Genghis Khan died in 1227, twelve years after the Fifth Crusade, and one year before the Sixth Crusade. He was succeeded by his third son, Ögedei Khan (1186-1241), who reigned for fourteen years. The Third Great Khan was Ögedei Khan’s eldest son Güyük Khan (c1206-1248). During Güyük Khan’s short two-year reign, the empire took over Russia and Korea. Güyük Khan died prematurely in 1248, possibly by poison, but more likely from bad health due to alcoholism, which apparently ran in the family. Möngke Khan served as the Fourth Great Khan. Möngke Khan was the son of Genghis’ fourth son, Tolui [making him Genghis’ grandson]. As the Seventh Crusade headed east in 1250, Möngke Khan, his brother Hulagu Khan, and their general Kitbuqa(1) were leading the Mongolians westward to finish taking over the world. Their warriors spread terror wherever they went.

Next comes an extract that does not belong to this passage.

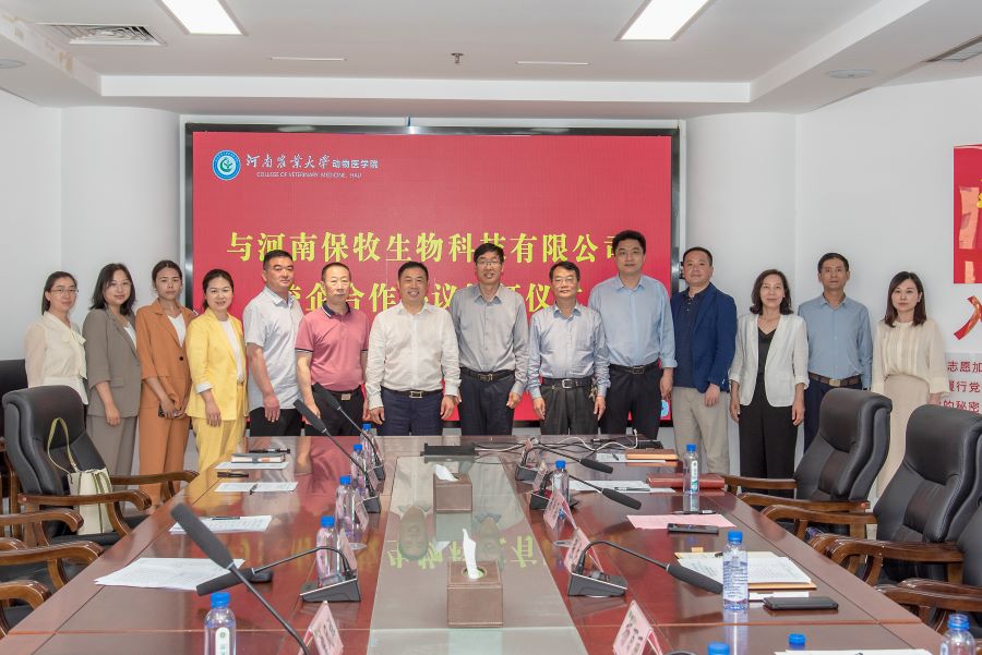 与河南保牧生物科技有限公司签订校企合作协议。河南保牧生物科技有限公司总经理张少征、飞默生物总经理曾凤祥、尉氏瑞元饲料公司总经理陈磊、河南畅享农牧有限公司兽医总监安春霞、河南正锐生物科技有限公司总经理张秀玲等一行8人,丝袜av
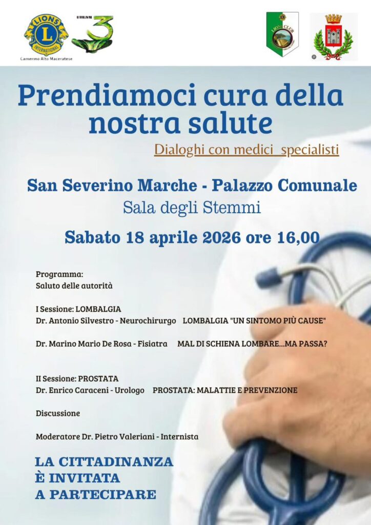 Il Lions Club Camerino Alto Maceratese, insieme al Lions Club Castelfidardo Riviera del Conero e all’Università della Terza Età, con il patrocinio del Comune di San Severino Marche (presente un rappresentante della Giunta), ha organizzato un partecipato incontro a beneficio della nostra Salute.

In 1257, the Mongolians conquered Persia. In 1258 they took Baghdad. In 1259 they added Aleppo. That same year, far from home, Möngke Khan died. The next in line, his brother Kublai, become the Fifth Great Khan.

Meanwhile, Hulagu Khan turned back to Mongolia after the death of Möngke Khan, but his commander, General Kitbuqa moved on. After trouncing Syria and Damascus in 1260, Kitbuqa headed for the biggest prize of all, Cairo, Egypt. We have already discussed why the Crusaders and the Muslims considered Egypt to be so important. If the Mongolians controlled Egypt, they controlled the Middle East, which would enable them to have a monopoly of trade along the silk roads from China to the Mediterranean Sea, a distance of over 4,600 miles.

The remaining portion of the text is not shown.